Wednesday, October 23, 2013

Adaptive Elastic Portfolio Management

Have too much risk in any one area and you are vulnerable to more substantial decline because you are vulnerable to a large potential draw down. Below is the loss and corresponding gain required to get back to even.
 
loss required gain to break even
1.0% 1.01%
2.0% 2.04%
3.0% 3.09%
5.0% 5.26%
10.0% 11.11%
15.0% 17.65%
20.0% 25.00%
30.0% 42.86%
40.0% 66.67%
50.0% 100.00%
60.0% 150.00%
70.0% 233.33%
80.0% 400.00%
90.0% 900.00%
95.0% 1900.00%
97.0% 3233.33%
99.0% 9900.00%
99.9% 99900.00%

The more concentrated the portfolio, the greater the risks of consequences of an individual stock decline. But selling short of the target or reducing is not a goos strategy either as it can turn a winning strategy into a losing one as you fail to give your winners room to run. A strategy that is continuously adjusted to maintain the optimal allocation is best.

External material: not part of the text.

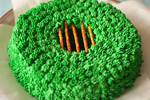 Оставшийся крем выкладываем в кондитерский шприц с резной насадкой и выдавливаем небольшими порциями на кекс, имитируя траву.

If we never made adjustments to the dollar amount in our portfolio and just let the long term position grow, then the long term trades would grow and then either finally reach a sell signal, or you would be forced to rebalance, OR they would continue the growth until they eventually composed the entire portfolio.


The amount of risk would increase beyond intended amounts as the positions grew, OR the alternative of selling positions before their targets compromises your otherwise profitable, low volatility strategy, strategy making it very dangerous to have this strategy.


Short term positions suffer the same risks of substantial draw downs of your portfolio, not because size eventually gets too large, but instead because the risk/reward ratios of investments and longer term trades are usually much better (at expense to compounded return and available liquidity to adjust.) The ideal adjustments are to maintain the overall level of "risk" without selling anything "early", and only using the allocation towards stocks as the adjustment.

Short term trading provides thinner profit margins, but more volume. in other words, less per trade, and more risk that small mistakes each trade can make a strategy unprofitable but potentially much more per year. Long term trades have a higher reward to risk but take longer, tie up more capital in a position with lower annually compounded results, and provide less liquidity for making adjustments.

BUT... the combination of short term trades and allocation model in addition to cash, income and potential hedges COMBINED with your long term positions you will produce much more frequent cash inflows from quick trades, and that will allow itself to be distributed among all assets making rebalancing more efficient, more frequent, and your portfolio to only make minor changes. That would cause the rest of your portfolio to grow so that the long term never gets to be too large and the desired balance can be maintained. The positions of each portion complement the other parts of the portfolio.


The result is a reduced need to adjust your portfolio allocation and reduce it to maintain balance of risk, increased overall balance, and better, more stable results.


The allocation to stocks can adapt and adjust to displace the overall amount of risk towards stocks. Short term trades don't last enough to offset the balance, but if you are concerned you may take on short term hedges. For this model we will ignore short term hedging and only focus on a portion of cash on the side either being active as a intermediate term hedge or not.


As long term position grows
http://cdn.makeagif.com/media/10-23-2013/GCLaKV.gif
As long term positions contracts
As you can see, such a strategy keeps the other positions stable and overall keeps the strategy at the optimal risk according to your goals at all times. Over many trades, there will be many minor and major adjustments that develop as portfolio changes, but this strategy is elastic enough to adapt to various conditions and maintain the desired composition without selling early.